No jantar estavam presentes alguns jogadores do Benfica, o Javi, o Saviola, o Salvio, o Roberto, o Luisão e Cardozo, todos com as suas esposas e companheiras ao lado, menos o Salvio e todas bonitas e vistosas. Eram todas super simpáticas, mas 95% do tema de conversa era moda, maquilhagem, cabelos, e blablabla, de todas elas eu dáva-me melhor com as namoradas do Javi e do Roberto. O telemóvel tocou e eu atendi.

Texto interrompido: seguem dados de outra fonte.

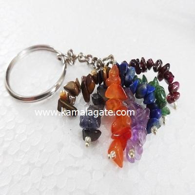 พวงกุญแจจักระ7แบบธรรมชาติพวงกุญแจคริสตัลนำโชคพร้อมชิปคริสตัลหรูหราสำหรับตกแต่งงานหัตถกรรมหินกึ่งมีค่า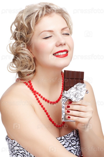 Красивая блондинка размера плюс наслаждается плиткой шоколада в фольге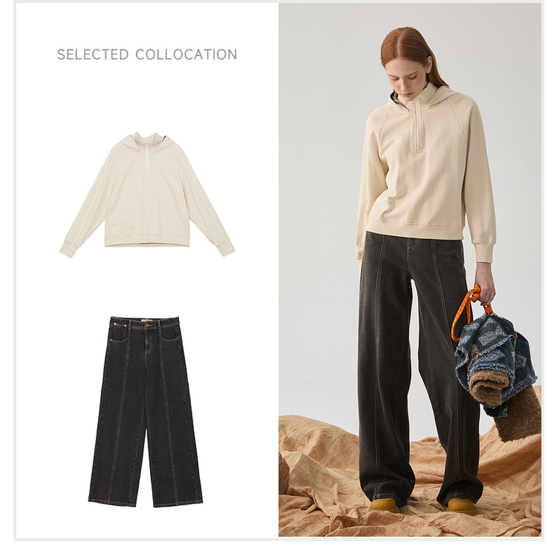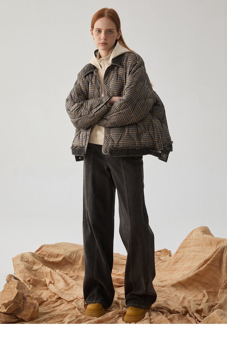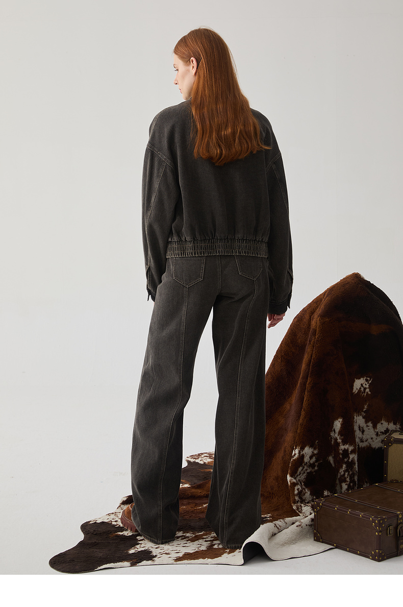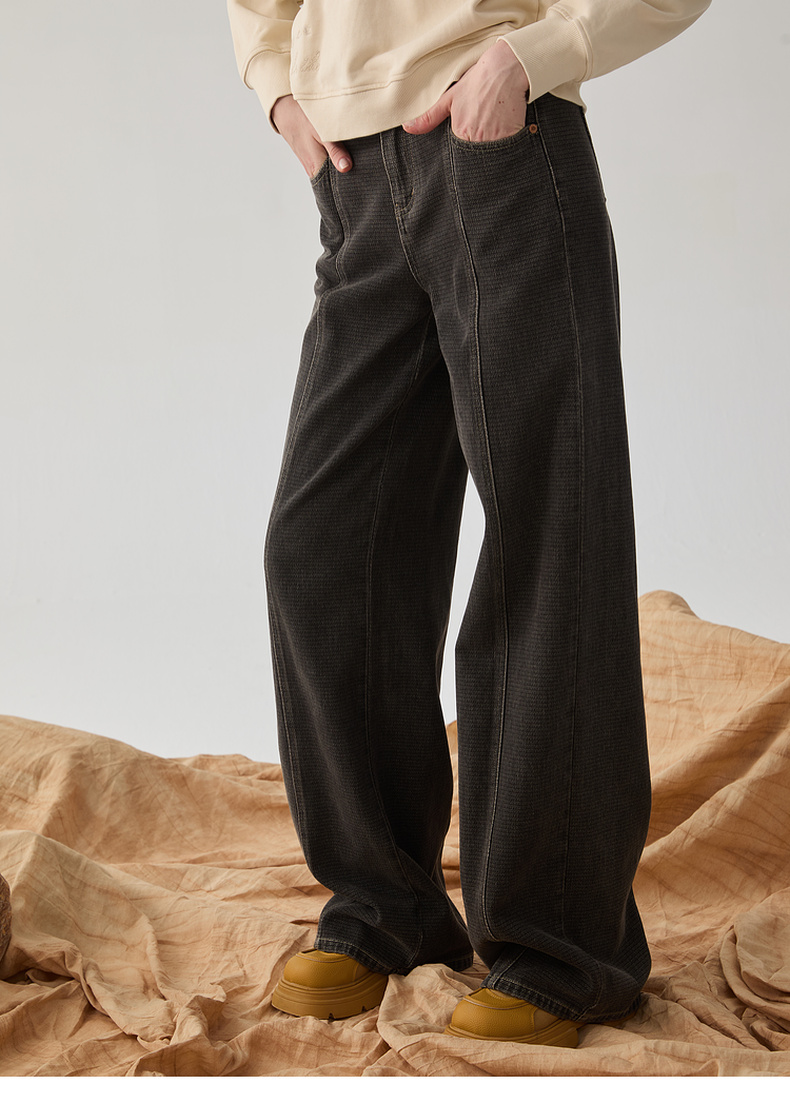 谜底牛仔阔腿裤女2024冬季新品复古风高腰随性宽松长裤244MK1523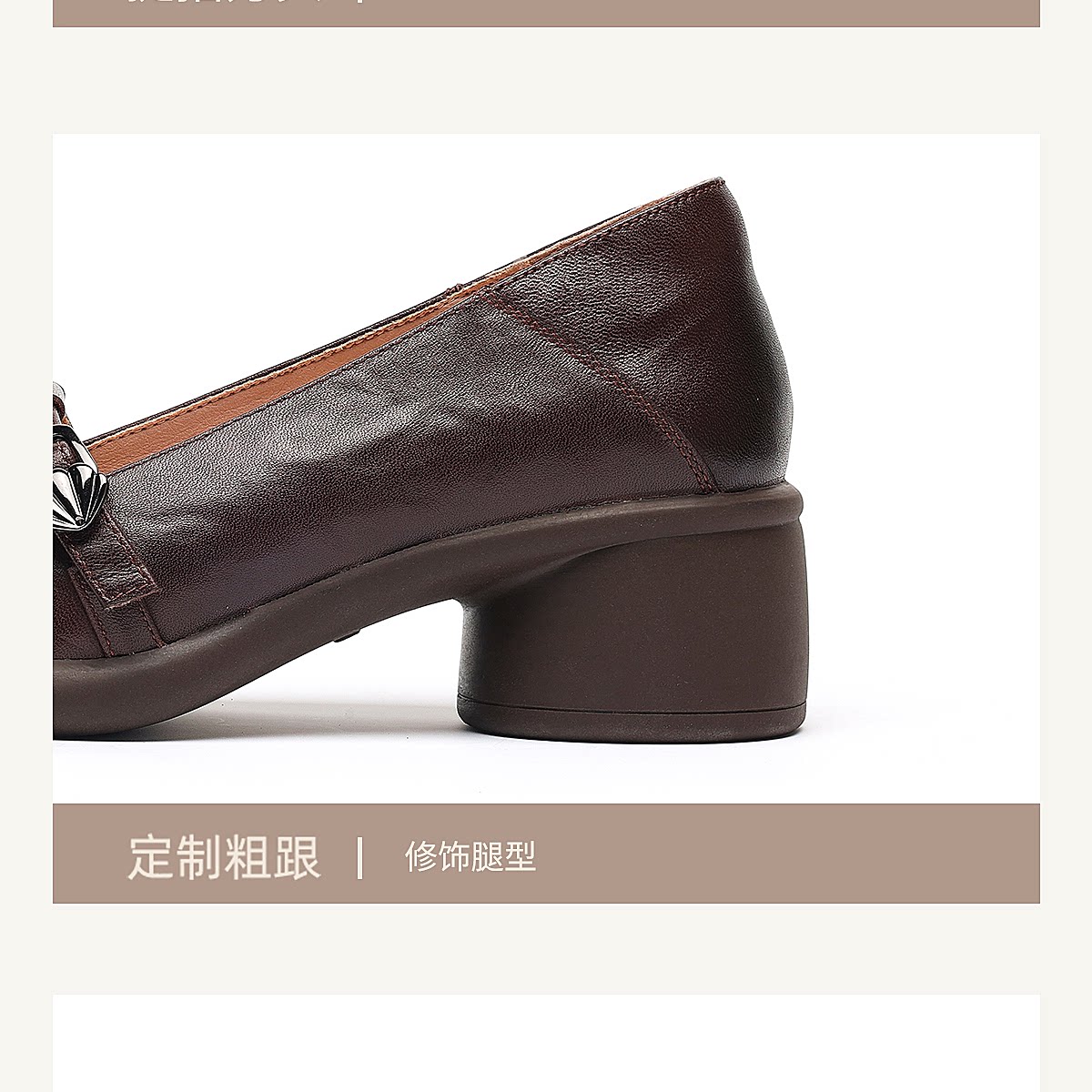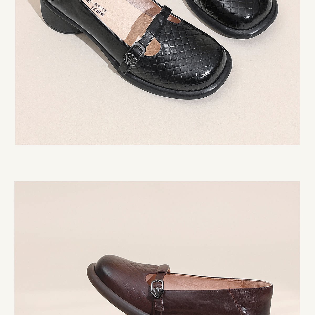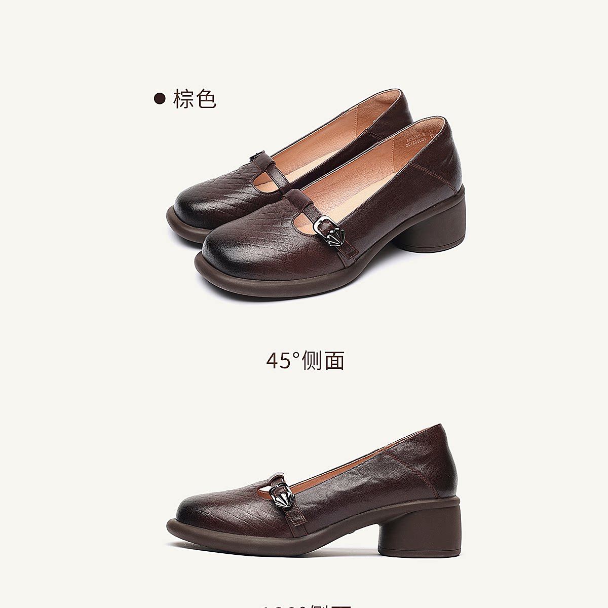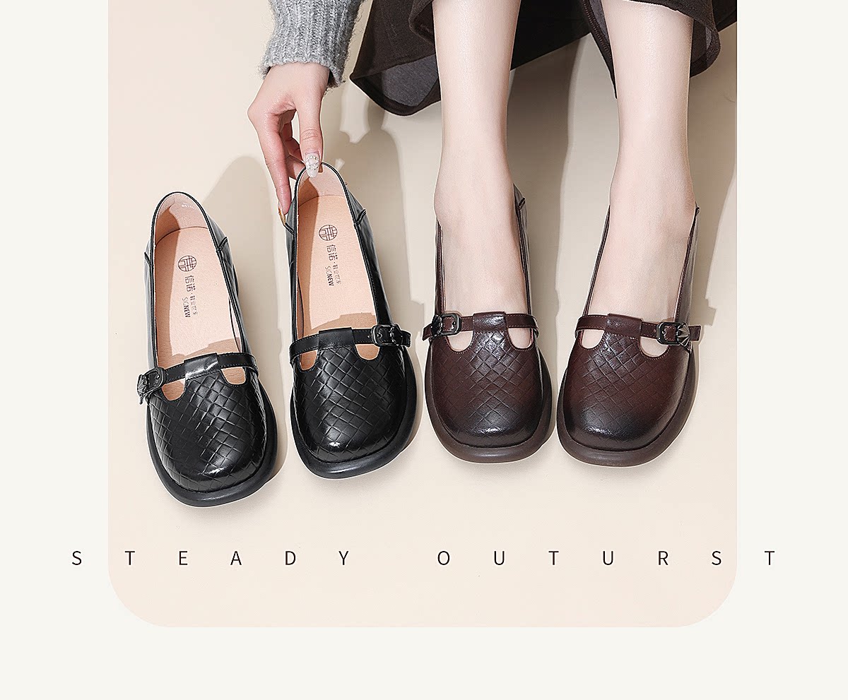 复古风真皮圆头浅口单鞋女低跟软底舒适妈妈鞋乐福鞋6C5255-3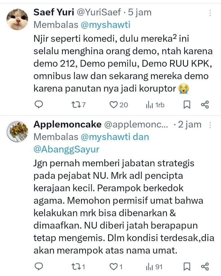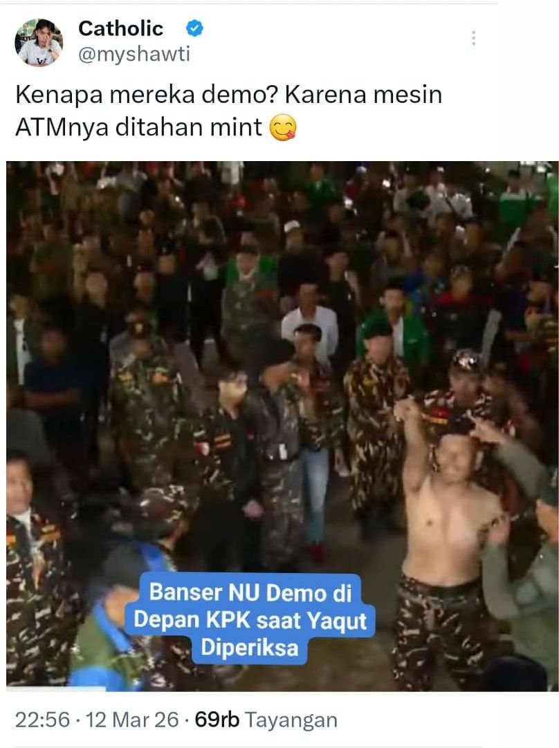 Aksi itu terjadi tidak lama setelah Yaqut dibawa ke rumah tahanan (rutan) KPK usai menjalani pemeriksaan sebagai tersangka dalam kasus dugaan korupsi kuota haji tahun 2023–2024.
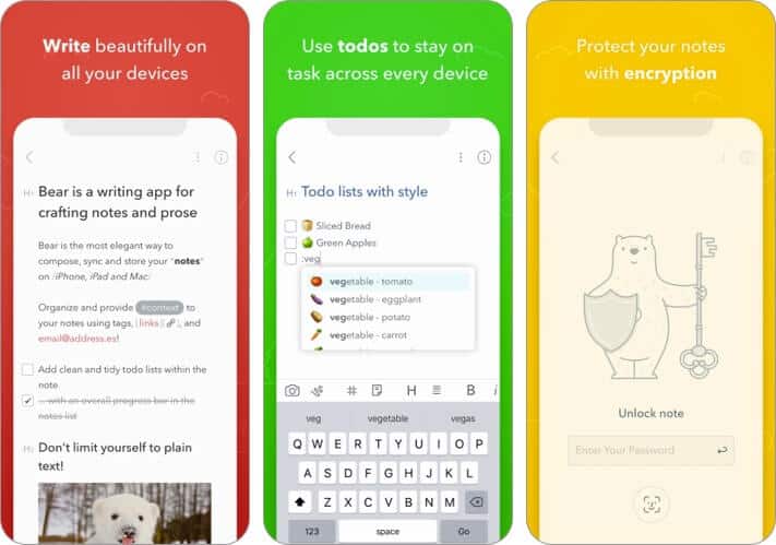 Bear daha önce bir not alma uygulamasıdır. Uygulama sezgisel kullanıcı arayüzü ile bilinir ve Hamburger menüsünde notlar ve etiketler içeren kaygan görünümlü bir kullanıcı arayüzü kullanır. Bear notlarını kullanarak şirketin kullanıcı arayüzüne yakından dikkatine kolayca tanık olabilirsiniz.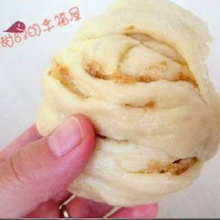 原料:腌制的鸡腿肉、虾皮、面粉、酵母、温水、油。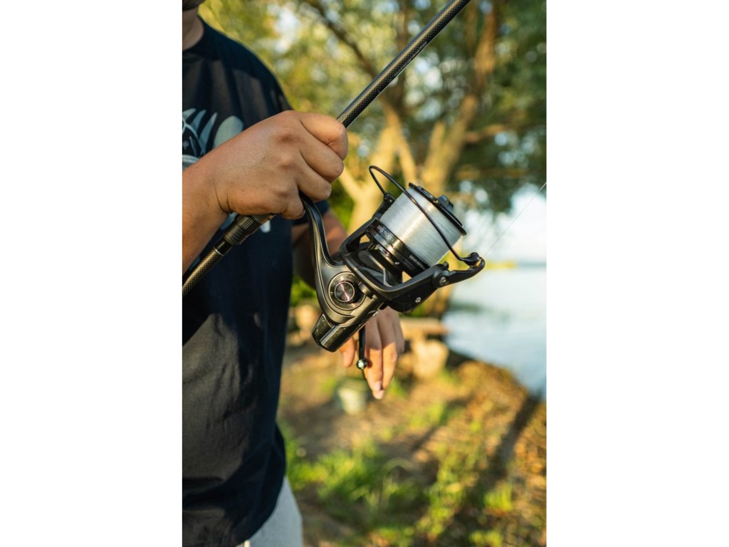 Předností tohoto navijáku je velká kapacita kovových cívek o velikosti 9000 a 10000, díky tomu můžete navijáky použít jako odhozové, nebo na velkých jezerech při zavážce. Moderní design a kvalitní konstrukce jsou předurčeny k dlouhé životnosti navijáku. V této cenové relaci se jedná o naviják, který překoná Vaše očekávání a je osazen kvalitními komponenty, jako jsou kovová klička a zesílená hřídel. Rozměrné kovové cívky mají konickou odhozovou hranu, díky níž se snadno odvíjí vlasec, a tudíž dosáhnete delších hodů. Hladký chod navijáku zajišťuje vyvážený rotor a rolnička zabraňuje kroucení vlasce. U takového navijáku je samozřejmostí kvalitní přední brzda. Návin na jedno otočení kličkou 1,06 m. Hmotnost: 702g Převod: 4,6 : 1 Počet ložisek: 6+1 Kapacita cívka 9000 : 0,40 mm – 415 m, 0,45 mm - 285 m, 0,57 mm - 205 m Kapacita cívka 10000 : 0,30 mm - 880 m - 0,35 mm – 650 m, 0,40 mm - 510 m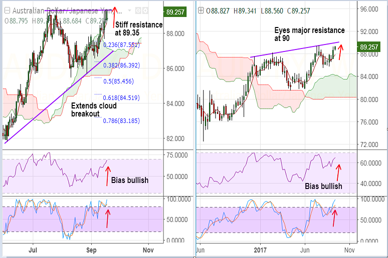 - Next major resistance lies at 90 level, break above could see test of 90.48 (Dec 2015 high).

- "Amoor!" - disse a voz mais querida do mundo.

- Oi, como foi o dia?

- "Foi bom, sempre treinando! Tá em casa da Mariana?"

- Tou, com eles.

- "Daviiiid - ouvi uma voz ao longe a falar - Anda cá! - e depois ouvi a resposta dele. - Já vou!"

- Vai lá, - disse-lhe. - Pode ser importante.

- "Ouviste? - riu. - Não é muito importante, mas você sabe que eu sou o rei a jogar playstation. Não se importa que eu vá?"

- Não, vai lá, daqui a pouco também me vou embora.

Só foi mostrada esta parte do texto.